▸ **Task requirements**:
Output the full listing below exactly, without the pictures.

▸ **Raw data**:
..............................

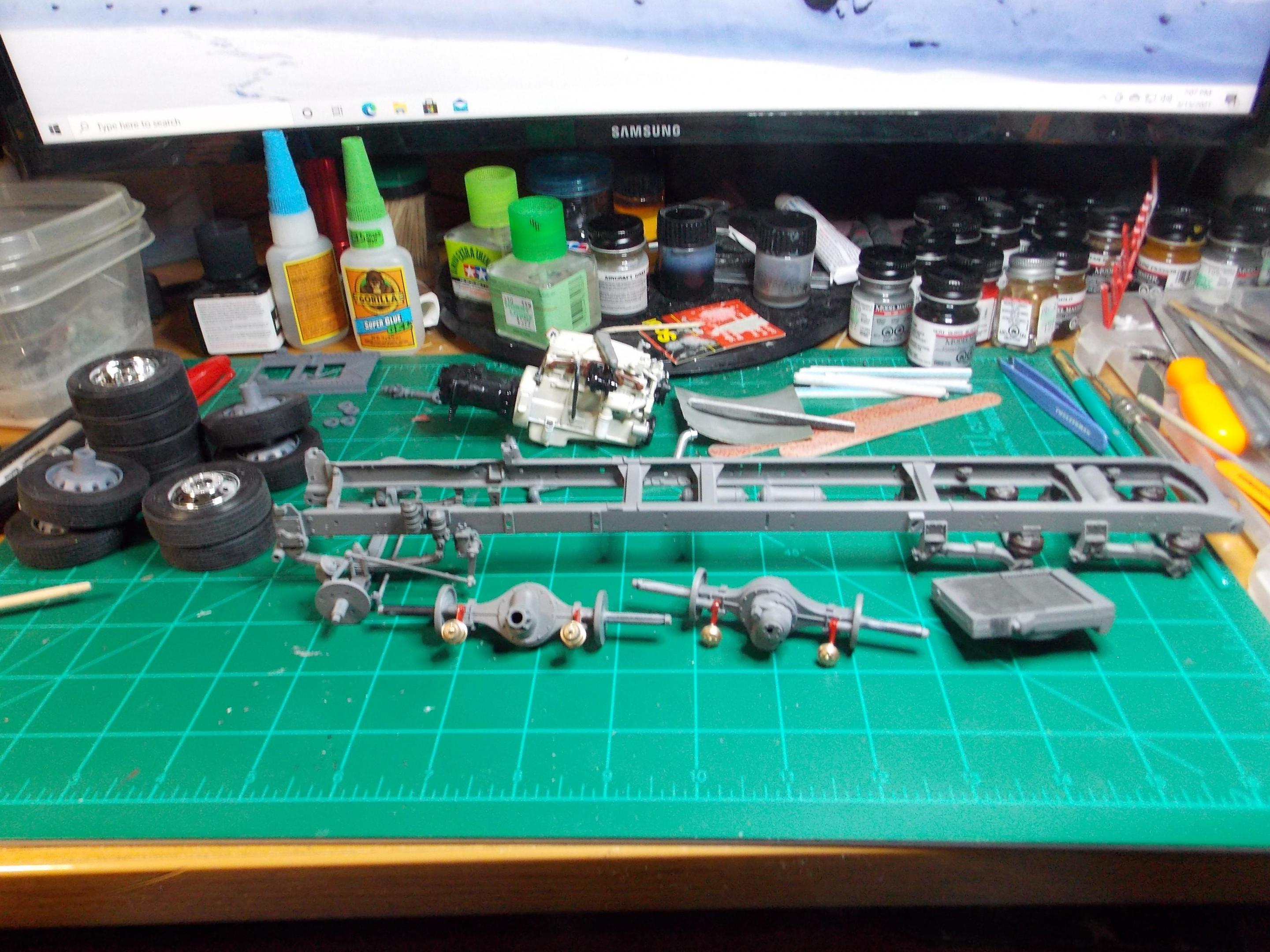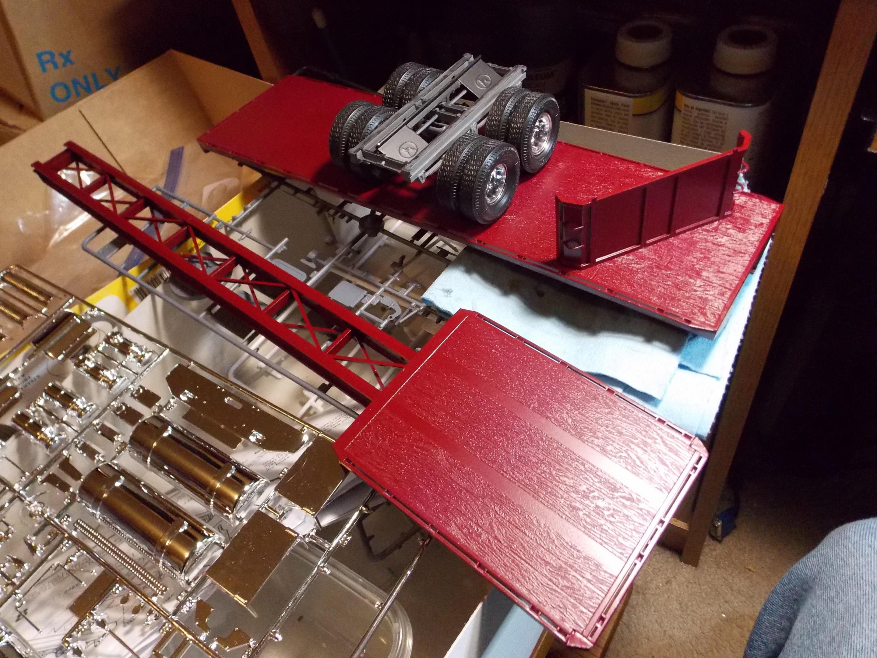 Update: A couple of fairly warm and dry days has really helped. I have the frame, suspension pieces and interior parts in primer and color. I didn't realize until today that the gray paint I bought was matte, will probably hit them with some satin or semi-gloss clear. I have the major cab pieces in primer, just need to work the seams a little. I ran out of primer so painting is done until I can stock up. I also got started with clean-up and sub assemblies on the trailer. I need to get some items ordered paint, parts, decals etc. That's all for now. Thanks Rog?
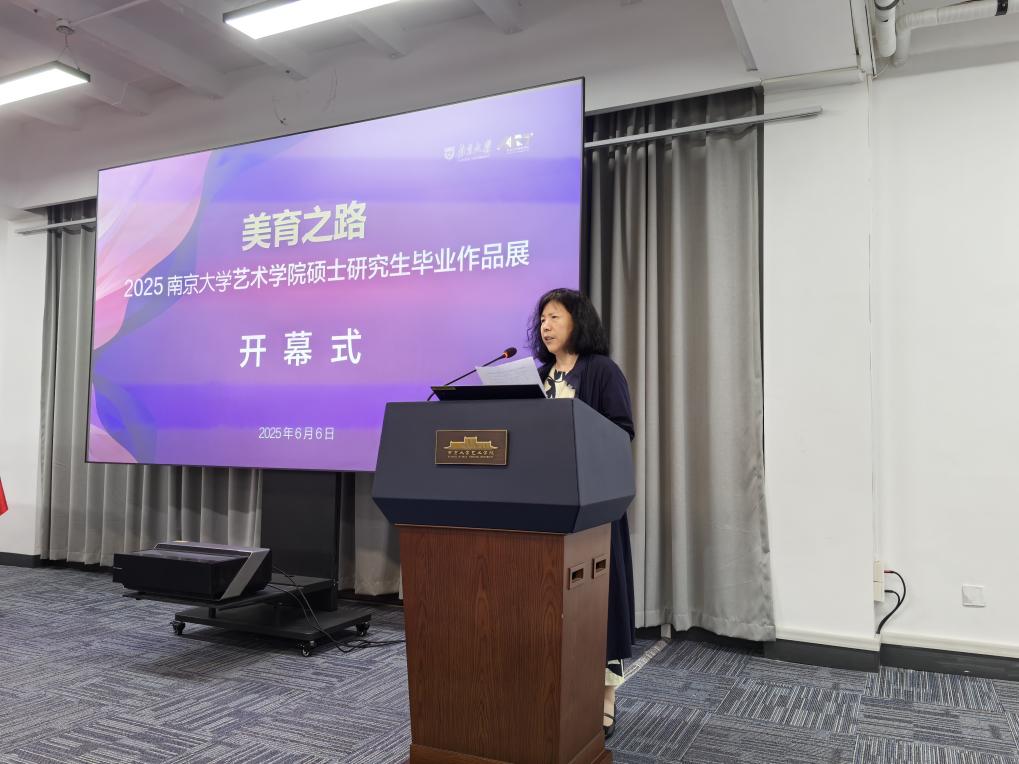 艺术学院院长赵奎英教授在开幕式上发表致辞。她代表学院向莅临开幕式的嘉宾表示欢迎,对毕业生表示祝贺,并向指导教师致谢。赵院长表示,本次展览集中呈现了学院创新育人成果,展现了南大“诚朴雄伟”的学术品格。在人工智能时代,学院坚持“守正创新、大美育人”理念,推动理论研究与创作实践深度融合。她勉励毕业生“一切艺术都有诗意的本质,伟大的作品不能缺少理想的光晕”,希望同学们传承南大精神,在艺术道路上勇攀高峰。
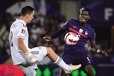 9月1日,在法国斯特拉斯堡举行的2022卡塔尔世界杯预选赛欧洲区小组赛D组比赛中,法国队主场以1∶1战平波黑队。图为法国队球员博格巴(右)和波黑队球员哈济亚赫梅托维奇在比赛中拼抢。
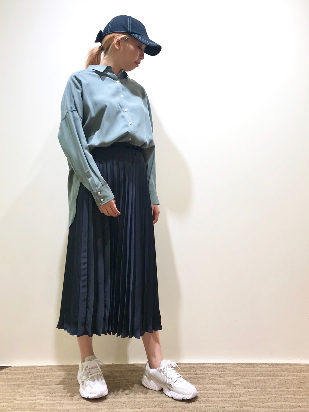 オーバーサイズのシャツに プリーツスカートを合わせて スニーカーとキャップで スポーティー要素を加えた ゆるっときれいめコーデ。

..............................

▸ **Your solution**:
 Update: A couple of fairly warm and dry days has really helped. I have the frame, suspension pieces and interior parts in primer and color. I didn't realize until today that the gray paint I bought was matte, will probably hit them with some satin or semi-gloss clear. I have the major cab pieces in primer, just need to work the seams a little. I ran out of primer so painting is done until I can stock up. I also got started with clean-up and sub assemblies on the trailer. I need to get some items ordered paint, parts, decals etc. That's all for now. Thanks Rog?
 艺术学院院长赵奎英教授在开幕式上发表致辞。她代表学院向莅临开幕式的嘉宾表示欢迎,对毕业生表示祝贺,并向指导教师致谢。赵院长表示,本次展览集中呈现了学院创新育人成果,展现了南大“诚朴雄伟”的学术品格。在人工智能时代,学院坚持“守正创新、大美育人”理念,推动理论研究与创作实践深度融合。她勉励毕业生“一切艺术都有诗意的本质,伟大的作品不能缺少理想的光晕”,希望同学们传承南大精神,在艺术道路上勇攀高峰。
 9月1日,在法国斯特拉斯堡举行的2022卡塔尔世界杯预选赛欧洲区小组赛D组比赛中,法国队主场以1∶1战平波黑队。图为法国队球员博格巴(右)和波黑队球员哈济亚赫梅托维奇在比赛中拼抢。
 オーバーサイズのシャツに プリーツスカートを合わせて スニーカーとキャップで スポーティー要素を加えた ゆるっときれいめコーデ。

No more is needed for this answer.